* ACTIVITY *
Repeat exactly, and only, the lines below starting at the line that contains "球道两旁都有大量树木,其中许" and ending at the line that contains "Nu lanserar Nordsjö", inclusive of both.

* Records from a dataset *
+--
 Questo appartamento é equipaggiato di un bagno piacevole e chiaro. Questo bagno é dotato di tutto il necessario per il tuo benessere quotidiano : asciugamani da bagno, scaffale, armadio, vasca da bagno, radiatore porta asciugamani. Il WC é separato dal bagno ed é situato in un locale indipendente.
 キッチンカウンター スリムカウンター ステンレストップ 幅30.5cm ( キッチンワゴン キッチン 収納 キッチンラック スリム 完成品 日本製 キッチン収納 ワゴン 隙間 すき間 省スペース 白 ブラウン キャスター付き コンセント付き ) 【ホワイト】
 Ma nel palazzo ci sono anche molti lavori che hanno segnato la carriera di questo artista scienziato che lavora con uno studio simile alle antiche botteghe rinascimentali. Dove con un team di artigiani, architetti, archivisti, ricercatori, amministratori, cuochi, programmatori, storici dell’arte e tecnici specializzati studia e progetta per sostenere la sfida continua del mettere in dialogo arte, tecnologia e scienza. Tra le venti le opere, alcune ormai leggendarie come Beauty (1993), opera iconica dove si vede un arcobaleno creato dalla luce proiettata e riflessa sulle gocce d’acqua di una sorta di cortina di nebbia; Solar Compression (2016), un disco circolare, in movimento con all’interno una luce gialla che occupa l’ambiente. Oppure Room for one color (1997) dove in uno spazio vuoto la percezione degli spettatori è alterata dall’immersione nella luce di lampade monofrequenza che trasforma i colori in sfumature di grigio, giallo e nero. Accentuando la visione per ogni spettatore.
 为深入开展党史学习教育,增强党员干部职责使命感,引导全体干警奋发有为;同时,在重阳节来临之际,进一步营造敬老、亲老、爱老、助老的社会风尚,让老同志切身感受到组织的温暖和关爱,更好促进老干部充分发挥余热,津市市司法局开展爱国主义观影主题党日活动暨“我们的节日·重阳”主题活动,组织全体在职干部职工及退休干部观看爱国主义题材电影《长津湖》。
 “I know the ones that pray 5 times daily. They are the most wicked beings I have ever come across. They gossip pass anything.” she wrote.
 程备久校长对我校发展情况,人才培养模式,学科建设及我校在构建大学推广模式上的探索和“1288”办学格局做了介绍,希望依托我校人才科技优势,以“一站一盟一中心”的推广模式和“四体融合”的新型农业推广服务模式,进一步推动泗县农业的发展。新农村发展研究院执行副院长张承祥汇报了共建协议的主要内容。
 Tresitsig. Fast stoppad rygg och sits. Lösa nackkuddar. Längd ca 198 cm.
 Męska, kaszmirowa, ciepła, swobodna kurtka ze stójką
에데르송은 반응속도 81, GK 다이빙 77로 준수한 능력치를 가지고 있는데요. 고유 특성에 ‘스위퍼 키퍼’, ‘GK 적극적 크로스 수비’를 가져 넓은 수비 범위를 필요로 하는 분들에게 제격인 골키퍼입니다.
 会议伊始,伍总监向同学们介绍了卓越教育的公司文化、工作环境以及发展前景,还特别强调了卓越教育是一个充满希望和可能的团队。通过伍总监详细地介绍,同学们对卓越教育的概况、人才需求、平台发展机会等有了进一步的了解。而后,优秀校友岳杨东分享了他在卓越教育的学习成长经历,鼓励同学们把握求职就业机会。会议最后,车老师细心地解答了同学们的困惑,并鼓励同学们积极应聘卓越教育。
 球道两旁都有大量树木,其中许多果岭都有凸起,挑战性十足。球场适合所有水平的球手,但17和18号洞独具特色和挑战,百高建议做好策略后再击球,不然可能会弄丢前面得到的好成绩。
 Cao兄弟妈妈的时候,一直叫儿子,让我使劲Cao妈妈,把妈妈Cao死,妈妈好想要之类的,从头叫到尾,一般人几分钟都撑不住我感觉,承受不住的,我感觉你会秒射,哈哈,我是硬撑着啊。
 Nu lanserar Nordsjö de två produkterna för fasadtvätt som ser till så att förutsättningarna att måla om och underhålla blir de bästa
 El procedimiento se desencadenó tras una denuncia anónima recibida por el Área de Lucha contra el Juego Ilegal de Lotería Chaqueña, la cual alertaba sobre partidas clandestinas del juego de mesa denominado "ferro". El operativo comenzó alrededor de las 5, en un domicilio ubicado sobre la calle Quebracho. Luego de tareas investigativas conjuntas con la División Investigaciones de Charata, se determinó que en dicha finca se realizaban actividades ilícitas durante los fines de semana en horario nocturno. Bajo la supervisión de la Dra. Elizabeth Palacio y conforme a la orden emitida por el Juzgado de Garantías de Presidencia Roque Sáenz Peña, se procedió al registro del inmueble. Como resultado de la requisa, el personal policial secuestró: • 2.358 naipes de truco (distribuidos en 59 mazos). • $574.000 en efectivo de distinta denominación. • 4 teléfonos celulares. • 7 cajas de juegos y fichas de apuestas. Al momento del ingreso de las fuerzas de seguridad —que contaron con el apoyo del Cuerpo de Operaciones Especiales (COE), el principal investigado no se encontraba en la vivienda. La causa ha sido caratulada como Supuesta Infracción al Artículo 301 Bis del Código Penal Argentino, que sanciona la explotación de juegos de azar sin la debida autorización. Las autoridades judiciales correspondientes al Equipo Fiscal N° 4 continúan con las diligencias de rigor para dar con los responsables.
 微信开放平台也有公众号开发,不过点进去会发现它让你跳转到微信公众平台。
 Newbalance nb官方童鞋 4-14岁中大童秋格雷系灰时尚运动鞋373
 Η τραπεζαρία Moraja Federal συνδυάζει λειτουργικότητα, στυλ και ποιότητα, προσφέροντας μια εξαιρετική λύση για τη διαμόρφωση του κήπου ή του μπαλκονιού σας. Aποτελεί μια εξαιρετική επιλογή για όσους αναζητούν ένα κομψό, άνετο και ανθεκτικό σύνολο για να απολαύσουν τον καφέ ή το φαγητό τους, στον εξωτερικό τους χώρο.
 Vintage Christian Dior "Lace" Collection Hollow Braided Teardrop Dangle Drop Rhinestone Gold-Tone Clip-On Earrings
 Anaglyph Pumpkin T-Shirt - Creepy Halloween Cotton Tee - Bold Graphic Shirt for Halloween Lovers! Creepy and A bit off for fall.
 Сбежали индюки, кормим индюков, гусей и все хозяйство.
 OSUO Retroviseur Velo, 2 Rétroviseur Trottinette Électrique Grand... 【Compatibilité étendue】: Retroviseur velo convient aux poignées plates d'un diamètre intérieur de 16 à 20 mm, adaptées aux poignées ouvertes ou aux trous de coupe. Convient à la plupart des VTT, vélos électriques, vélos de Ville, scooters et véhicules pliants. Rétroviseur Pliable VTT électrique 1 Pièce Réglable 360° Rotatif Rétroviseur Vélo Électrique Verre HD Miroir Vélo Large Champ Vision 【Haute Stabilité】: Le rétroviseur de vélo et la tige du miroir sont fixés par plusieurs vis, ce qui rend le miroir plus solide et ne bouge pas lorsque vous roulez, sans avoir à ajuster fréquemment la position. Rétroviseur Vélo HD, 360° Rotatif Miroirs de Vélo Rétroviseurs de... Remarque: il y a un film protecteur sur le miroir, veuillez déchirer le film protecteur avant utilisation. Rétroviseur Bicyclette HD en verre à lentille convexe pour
+--
* TASK SOLUTION *
 球道两旁都有大量树木,其中许多果岭都有凸起,挑战性十足。球场适合所有水平的球手,但17和18号洞独具特色和挑战,百高建议做好策略后再击球,不然可能会弄丢前面得到的好成绩。
 Cao兄弟妈妈的时候,一直叫儿子,让我使劲Cao妈妈,把妈妈Cao死,妈妈好想要之类的,从头叫到尾,一般人几分钟都撑不住我感觉,承受不住的,我感觉你会秒射,哈哈,我是硬撑着啊。
 Nu lanserar Nordsjö de två produkterna för fasadtvätt som ser till så att förutsättningarna att måla om och underhålla blir de bästa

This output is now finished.